— What is required —
Only the lines from the start of the data below through the line that contains "हाल ही में एक्ट्रेस" are to be copied, exactly and without pictures.

— Recorded information —
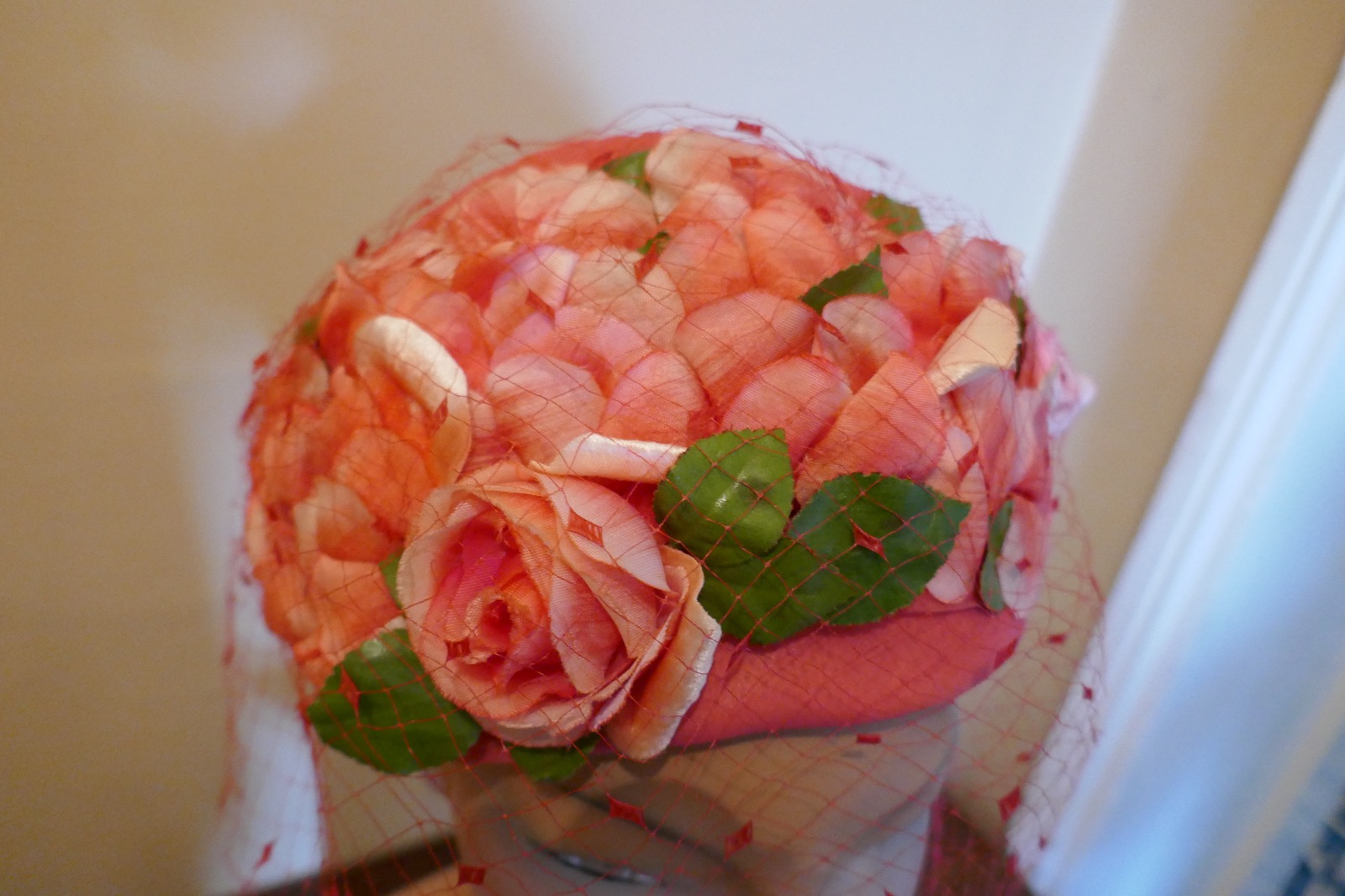Original 1960s Pink Pill Box Hat, Decorated with Roses & Veil by Connor
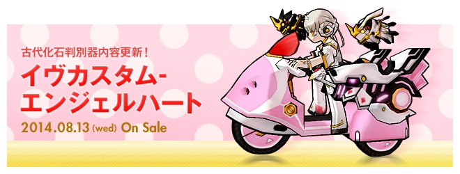 有料ガチャアイテム「古代化石判別器」から新たな騎乗ペット「イヴカスタム-エンジェルハート」を獲得できます。女性向けにデザインされた美しいボディーは、エリオスの女性に大変人気があります。また、期間限定で騎乗ペットが必ず手に入る「召喚石」も販売します。
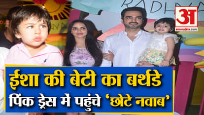 हाल ही में एक्ट्रेस ईशा देओल ने अपनी बेटी राध्या का जन्मदिन मनाया। हेमा मालिनी अपनी नातिन राध्या को आशीर्वाद देने पहुंची तो वहीं कई स्टार किड्स भी पार्टी का हिस्सा बने। इस दौरान सैफ अली खान और करीना कपूर के बेटे तैमूर पिंक शर्ट में बेहद क्यूट नजर आ रहे थे।
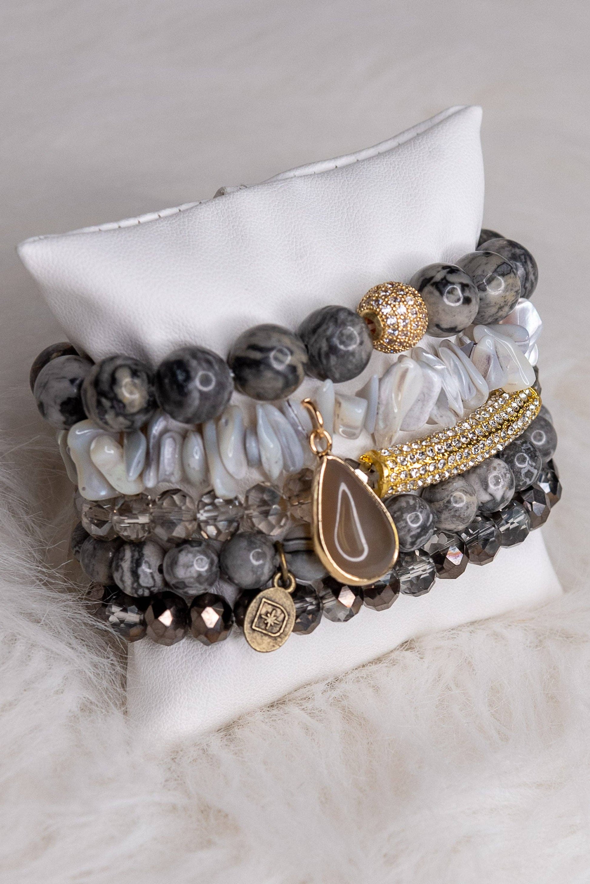 5 beautiful natural stone and beaded bracelets with stretch band. 3 have a unique druse charm. Can be worn together or separately.

— Expected answer —
Original 1960s Pink Pill Box Hat, Decorated with Roses & Veil by Connor
 有料ガチャアイテム「古代化石判別器」から新たな騎乗ペット「イヴカスタム-エンジェルハート」を獲得できます。女性向けにデザインされた美しいボディーは、エリオスの女性に大変人気があります。また、期間限定で騎乗ペットが必ず手に入る「召喚石」も販売します。
 हाल ही में एक्ट्रेस ईशा देओल ने अपनी बेटी राध्या का जन्मदिन मनाया। हेमा मालिनी अपनी नातिन राध्या को आशीर्वाद देने पहुंची तो वहीं कई स्टार किड्स भी पार्टी का हिस्सा बने। इस दौरान सैफ अली खान और करीना कपूर के बेटे तैमूर पिंक शर्ट में बेहद क्यूट नजर आ रहे थे।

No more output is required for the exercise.